Begin at the line below that has "スウェット素材もフレンチスリーブでこなれた印象に◎". Stop after the line that has "Schwarzmalerei ausnahmsweise erlaubt: Das", repeating each line exactly and leaving out the pictures.

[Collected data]
━━━━━━━━━━━━━━━━━━━━
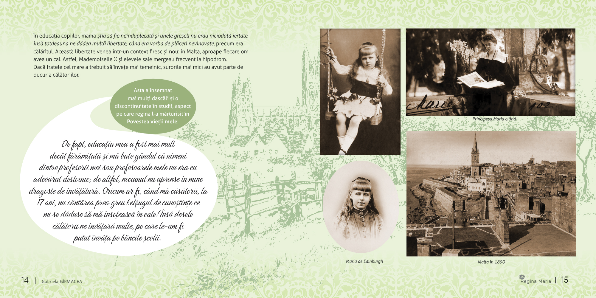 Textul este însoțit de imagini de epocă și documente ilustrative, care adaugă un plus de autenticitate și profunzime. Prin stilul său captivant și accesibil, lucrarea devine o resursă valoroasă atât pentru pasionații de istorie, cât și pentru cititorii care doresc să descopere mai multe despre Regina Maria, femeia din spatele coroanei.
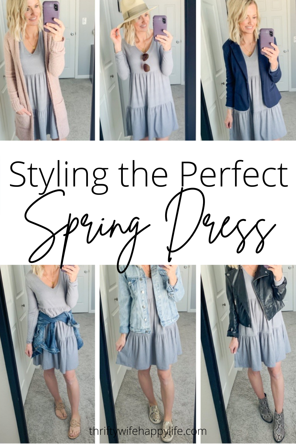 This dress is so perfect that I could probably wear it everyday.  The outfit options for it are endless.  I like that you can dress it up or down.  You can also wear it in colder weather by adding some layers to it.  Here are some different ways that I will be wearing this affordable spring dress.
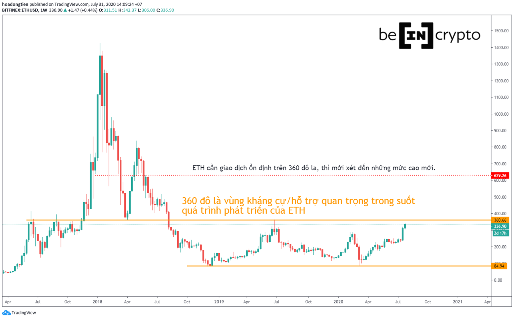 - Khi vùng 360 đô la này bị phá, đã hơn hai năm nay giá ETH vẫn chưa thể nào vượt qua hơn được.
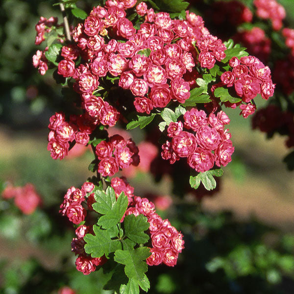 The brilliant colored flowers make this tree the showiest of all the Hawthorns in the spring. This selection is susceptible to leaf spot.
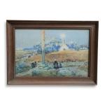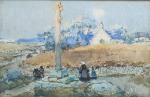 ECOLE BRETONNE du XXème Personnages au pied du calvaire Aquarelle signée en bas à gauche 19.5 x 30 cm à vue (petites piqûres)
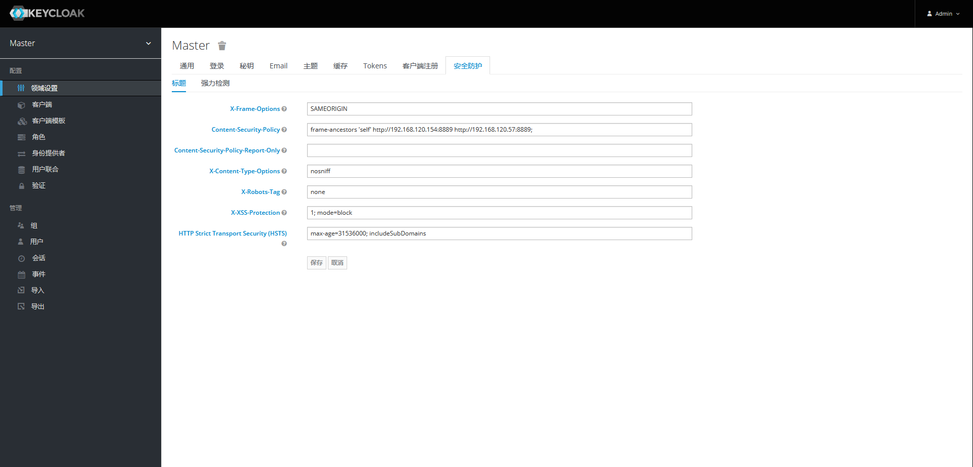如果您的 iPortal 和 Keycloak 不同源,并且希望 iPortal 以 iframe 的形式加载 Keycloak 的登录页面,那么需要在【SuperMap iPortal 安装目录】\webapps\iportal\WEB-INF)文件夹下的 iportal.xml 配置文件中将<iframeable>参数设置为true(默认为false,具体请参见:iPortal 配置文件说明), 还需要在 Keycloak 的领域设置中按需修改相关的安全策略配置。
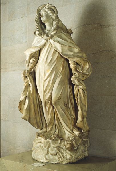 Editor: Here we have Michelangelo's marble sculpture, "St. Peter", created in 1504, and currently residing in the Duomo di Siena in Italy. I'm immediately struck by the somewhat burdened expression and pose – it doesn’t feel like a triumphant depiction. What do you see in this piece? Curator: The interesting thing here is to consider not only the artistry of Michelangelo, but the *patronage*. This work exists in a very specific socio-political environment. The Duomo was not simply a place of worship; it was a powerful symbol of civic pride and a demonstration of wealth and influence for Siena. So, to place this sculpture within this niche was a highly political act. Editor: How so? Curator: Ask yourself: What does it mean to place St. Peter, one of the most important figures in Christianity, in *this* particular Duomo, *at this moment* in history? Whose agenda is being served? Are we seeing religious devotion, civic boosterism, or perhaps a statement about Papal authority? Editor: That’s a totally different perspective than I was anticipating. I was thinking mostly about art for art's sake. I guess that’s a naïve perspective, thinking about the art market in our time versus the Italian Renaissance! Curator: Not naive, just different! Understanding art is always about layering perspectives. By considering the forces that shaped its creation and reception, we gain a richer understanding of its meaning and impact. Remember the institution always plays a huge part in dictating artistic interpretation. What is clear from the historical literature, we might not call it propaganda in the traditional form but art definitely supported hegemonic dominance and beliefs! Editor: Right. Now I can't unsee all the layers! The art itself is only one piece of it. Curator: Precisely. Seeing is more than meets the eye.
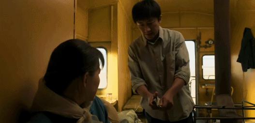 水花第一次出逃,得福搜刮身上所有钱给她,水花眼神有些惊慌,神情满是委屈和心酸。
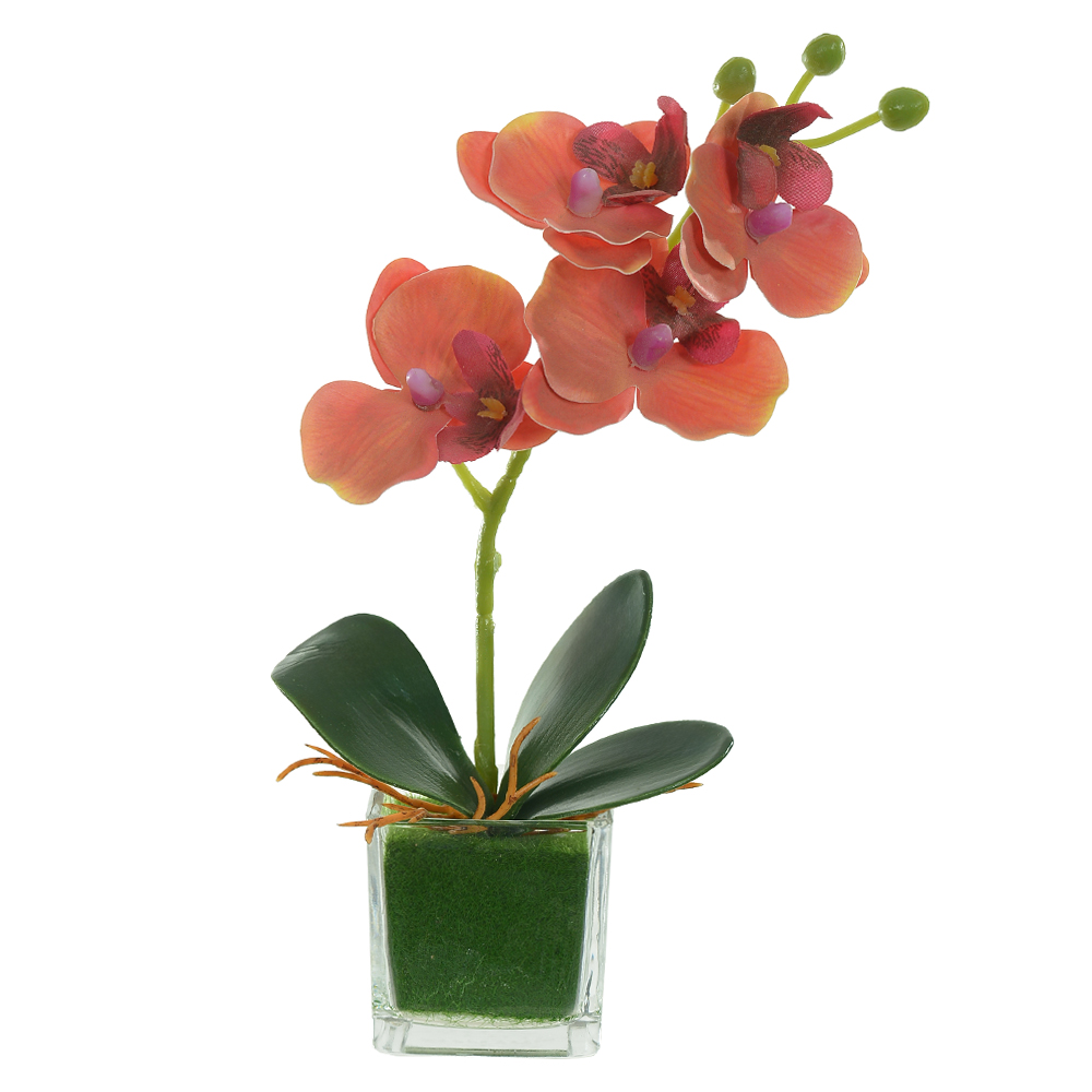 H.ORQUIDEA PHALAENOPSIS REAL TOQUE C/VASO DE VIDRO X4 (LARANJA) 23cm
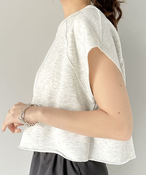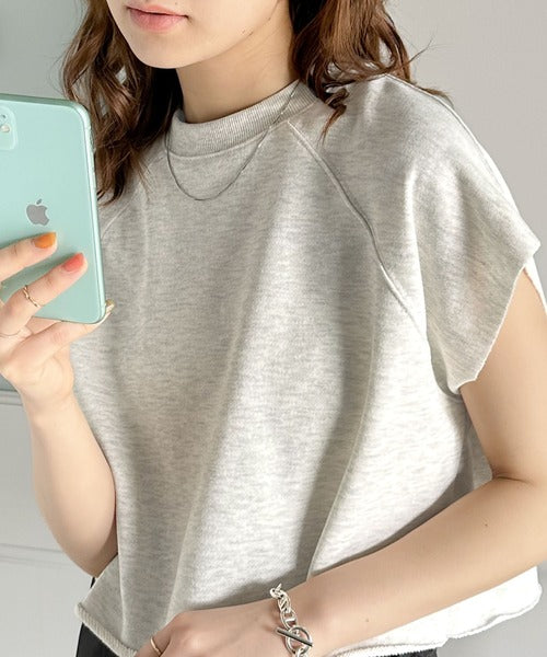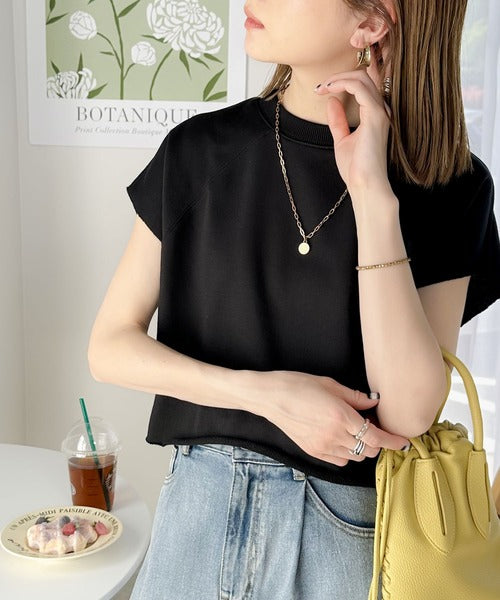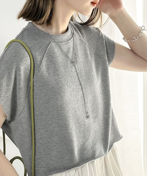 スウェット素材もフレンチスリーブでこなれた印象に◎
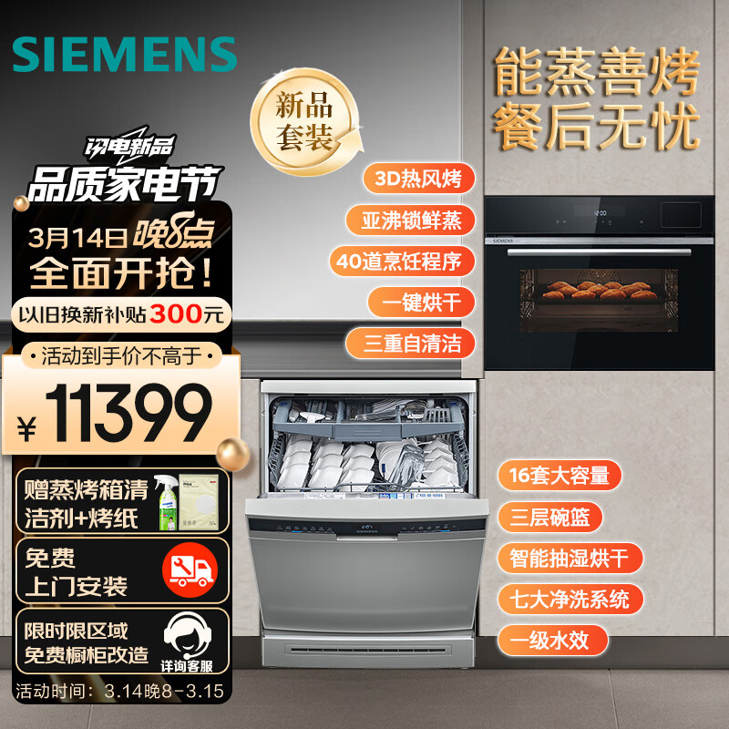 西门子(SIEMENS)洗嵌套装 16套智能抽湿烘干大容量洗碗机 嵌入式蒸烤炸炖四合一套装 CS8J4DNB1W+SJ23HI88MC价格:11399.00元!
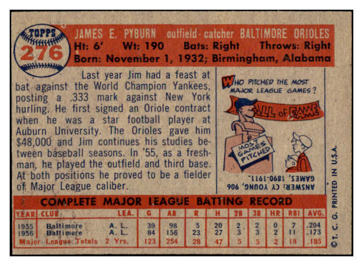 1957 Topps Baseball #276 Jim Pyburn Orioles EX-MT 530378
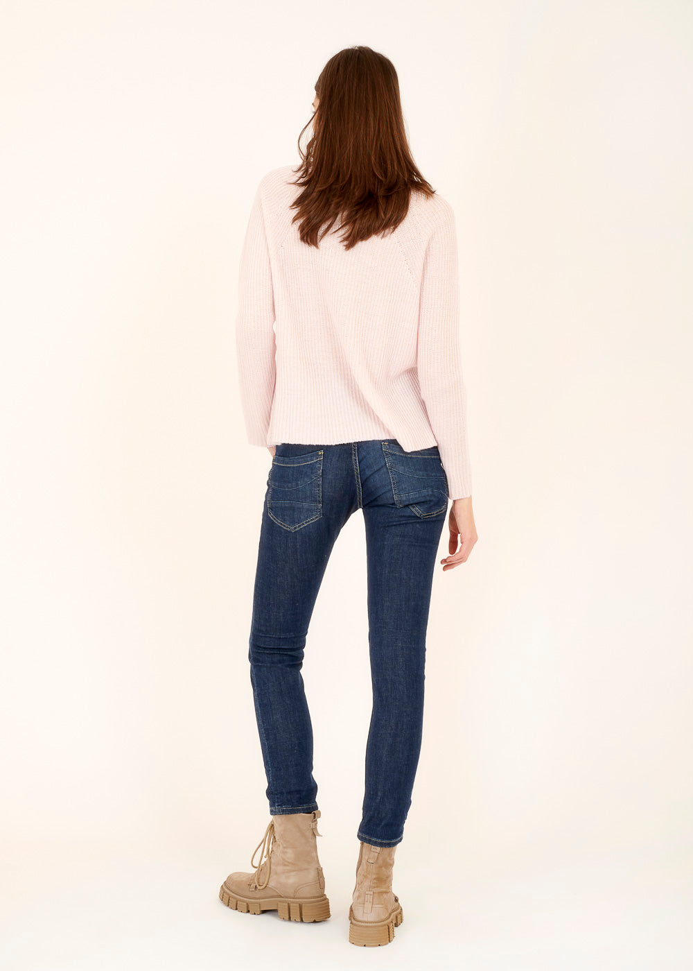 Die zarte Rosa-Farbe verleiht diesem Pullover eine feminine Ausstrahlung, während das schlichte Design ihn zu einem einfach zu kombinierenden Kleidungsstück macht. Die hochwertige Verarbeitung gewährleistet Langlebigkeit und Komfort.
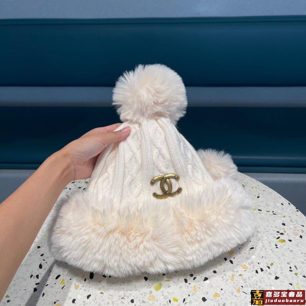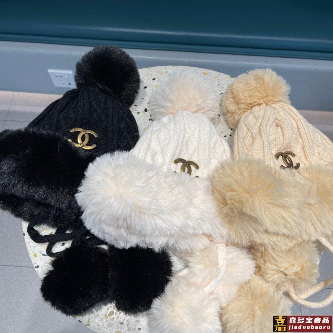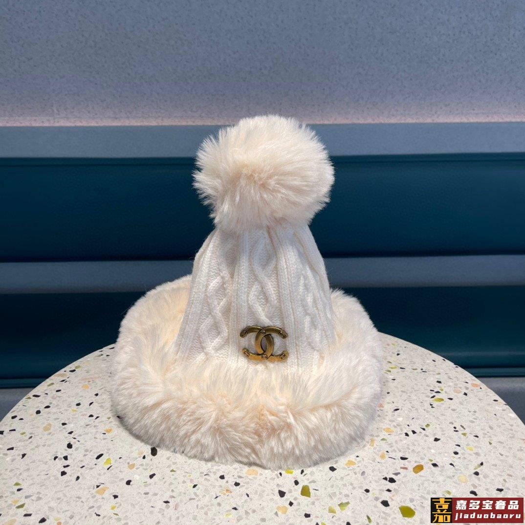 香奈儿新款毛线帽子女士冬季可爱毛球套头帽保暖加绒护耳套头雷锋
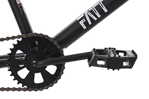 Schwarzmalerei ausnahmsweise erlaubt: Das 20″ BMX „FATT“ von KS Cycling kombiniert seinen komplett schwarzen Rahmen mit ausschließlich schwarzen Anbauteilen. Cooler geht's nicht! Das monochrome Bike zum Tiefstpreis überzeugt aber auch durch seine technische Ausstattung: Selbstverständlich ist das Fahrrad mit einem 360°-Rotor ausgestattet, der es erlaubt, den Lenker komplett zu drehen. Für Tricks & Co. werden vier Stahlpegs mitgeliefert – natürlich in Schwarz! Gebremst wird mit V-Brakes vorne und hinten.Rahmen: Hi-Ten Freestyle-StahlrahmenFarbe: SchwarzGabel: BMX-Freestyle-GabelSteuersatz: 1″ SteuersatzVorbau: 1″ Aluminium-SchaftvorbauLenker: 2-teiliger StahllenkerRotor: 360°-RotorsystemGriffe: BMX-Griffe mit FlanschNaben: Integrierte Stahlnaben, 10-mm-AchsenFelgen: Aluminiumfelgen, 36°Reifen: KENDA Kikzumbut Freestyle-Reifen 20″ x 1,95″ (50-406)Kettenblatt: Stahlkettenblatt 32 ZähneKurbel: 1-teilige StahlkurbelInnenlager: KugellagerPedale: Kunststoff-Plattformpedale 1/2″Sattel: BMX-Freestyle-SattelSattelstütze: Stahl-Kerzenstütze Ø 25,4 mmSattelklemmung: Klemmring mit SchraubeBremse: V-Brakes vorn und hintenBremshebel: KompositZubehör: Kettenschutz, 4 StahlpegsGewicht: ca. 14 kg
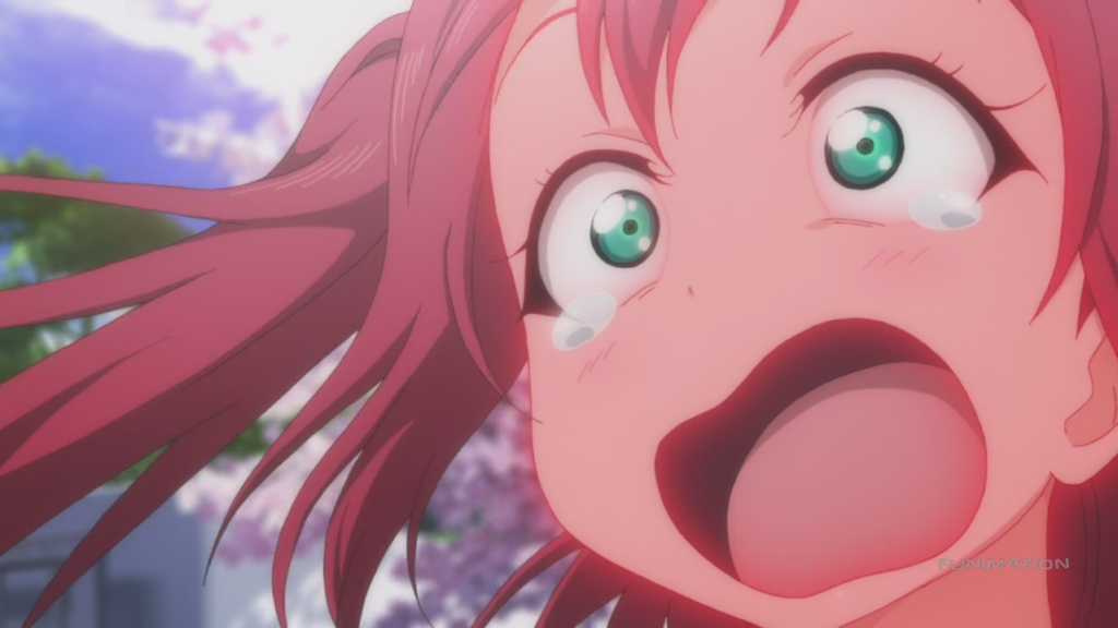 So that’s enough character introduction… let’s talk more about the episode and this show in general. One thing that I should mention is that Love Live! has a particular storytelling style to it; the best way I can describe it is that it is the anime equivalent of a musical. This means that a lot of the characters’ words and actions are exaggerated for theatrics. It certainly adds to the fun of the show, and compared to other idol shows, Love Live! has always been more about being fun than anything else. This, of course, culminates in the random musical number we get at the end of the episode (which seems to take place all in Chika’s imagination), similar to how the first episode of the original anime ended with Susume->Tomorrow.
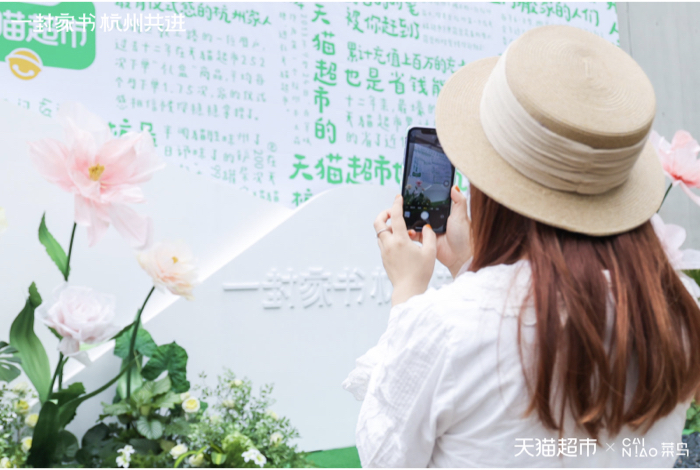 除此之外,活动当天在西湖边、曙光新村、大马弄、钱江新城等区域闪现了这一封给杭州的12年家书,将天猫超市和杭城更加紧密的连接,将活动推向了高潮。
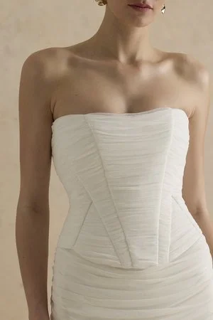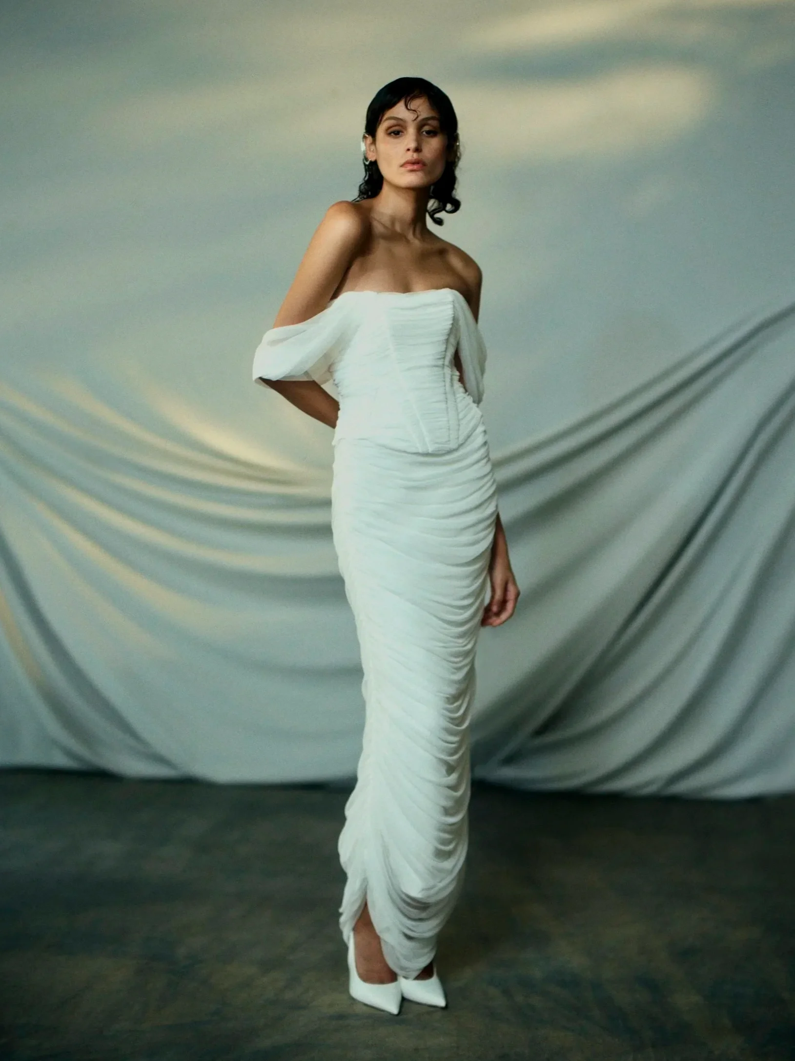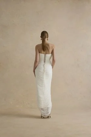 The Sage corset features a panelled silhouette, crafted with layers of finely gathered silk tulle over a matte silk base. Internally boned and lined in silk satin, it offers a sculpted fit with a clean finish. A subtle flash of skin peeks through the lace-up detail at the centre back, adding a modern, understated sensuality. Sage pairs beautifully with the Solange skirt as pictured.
━━━━━━━━━━━━━━━━━━━━
EXERCISE SOLUTION:
 スウェット素材もフレンチスリーブでこなれた印象に◎
 西门子(SIEMENS)洗嵌套装 16套智能抽湿烘干大容量洗碗机 嵌入式蒸烤炸炖四合一套装 CS8J4DNB1W+SJ23HI88MC价格:11399.00元!
 1957 Topps Baseball #276 Jim Pyburn Orioles EX-MT 530378
 Die zarte Rosa-Farbe verleiht diesem Pullover eine feminine Ausstrahlung, während das schlichte Design ihn zu einem einfach zu kombinierenden Kleidungsstück macht. Die hochwertige Verarbeitung gewährleistet Langlebigkeit und Komfort.
 香奈儿新款毛线帽子女士冬季可爱毛球套头帽保暖加绒护耳套头雷锋
 Schwarzmalerei ausnahmsweise erlaubt: Das 20″ BMX „FATT“ von KS Cycling kombiniert seinen komplett schwarzen Rahmen mit ausschließlich schwarzen Anbauteilen. Cooler geht's nicht! Das monochrome Bike zum Tiefstpreis überzeugt aber auch durch seine technische Ausstattung: Selbstverständlich ist das Fahrrad mit einem 360°-Rotor ausgestattet, der es erlaubt, den Lenker komplett zu drehen. Für Tricks & Co. werden vier Stahlpegs mitgeliefert – natürlich in Schwarz! Gebremst wird mit V-Brakes vorne und hinten.Rahmen: Hi-Ten Freestyle-StahlrahmenFarbe: SchwarzGabel: BMX-Freestyle-GabelSteuersatz: 1″ SteuersatzVorbau: 1″ Aluminium-SchaftvorbauLenker: 2-teiliger StahllenkerRotor: 360°-RotorsystemGriffe: BMX-Griffe mit FlanschNaben: Integrierte Stahlnaben, 10-mm-AchsenFelgen: Aluminiumfelgen, 36°Reifen: KENDA Kikzumbut Freestyle-Reifen 20″ x 1,95″ (50-406)Kettenblatt: Stahlkettenblatt 32 ZähneKurbel: 1-teilige StahlkurbelInnenlager: KugellagerPedale: Kunststoff-Plattformpedale 1/2″Sattel: BMX-Freestyle-SattelSattelstütze: Stahl-Kerzenstütze Ø 25,4 mmSattelklemmung: Klemmring mit SchraubeBremse: V-Brakes vorn und hintenBremshebel: KompositZubehör: Kettenschutz, 4 StahlpegsGewicht: ca. 14 kg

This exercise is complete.